La tua voce, una stilettata allo stomaco.

Nani?!?!

Torno a guardarti in viso.

Hai lo sguardi perso, le sopracciglia aggrottate.

I tuoi occhi si rifocalizzano su di me.

Sorridi.

Sembri incredibilmente calmo, incredibilmente sicuro…

“Era questo che dovevi scoprire?”

“Hai, Kitsune”

Sei ancora vicinissimo a me e io…

“Ai shiteru, Kaede-kun”

“Stai scherzando?”

Parlo prima di pensare, sono scioccato, sbalordito, incredulo…

Scuoti la testa ed è come se un’improvvisa nuvola ti oscurasse il viso.

I tuoi occhi si fanno improvvisamente cupi.

Ti stacchi da me, affondi le mani in tasca e fai per andartene.

Ti volti, incamminandoti verso la strada.

“Gomen, Rukawa.

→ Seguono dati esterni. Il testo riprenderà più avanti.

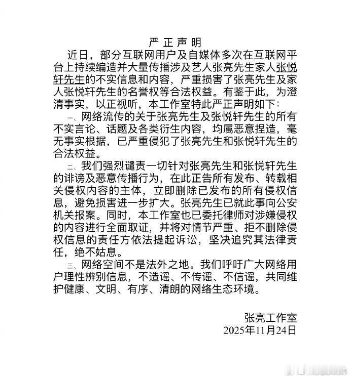张亮称已报警立案张亮回应儿子传闻 此前有网友爆料“麻辣烫奶爸的儿子老在国内闹事,所以被送到国外读书,结果把同学肚子搞大了”,有网友怀疑是张亮和其儿子天天。对此,张亮称已经报案,“网络不是法外之地,请不要无下线造谣!!! ”

Ti prego, non odiarmi” Parli da sopra la spalla, la tua voce è triste, come non l’avevo sentita mai.

Odiarti? IO?

Kami Sama, non hai capito niente do’aho….

Non mi importa di essere praticamente nudo, non mi importa delle vicine impiccione che staranno sicuramente spiando da dietro le tende, non mi importa di niente… ora conti solo tu.

In pochi passi ti raggiungo, ti blocco prendendoti per un braccio.

Tu ti volti e mi fissi, meravigliato. Hai avuto coraggio, Hanamichi… più di quanto ne abbia mai avuto io.

Ci fissiamo per qualche istante…

Poi ti bacio.

Qui.

In mezzo alla strada.

Ora conti solo tu.

Sento le tue braccia attorno alla mia vita, mi stringono forte, attirandomi ancora più vicino a te.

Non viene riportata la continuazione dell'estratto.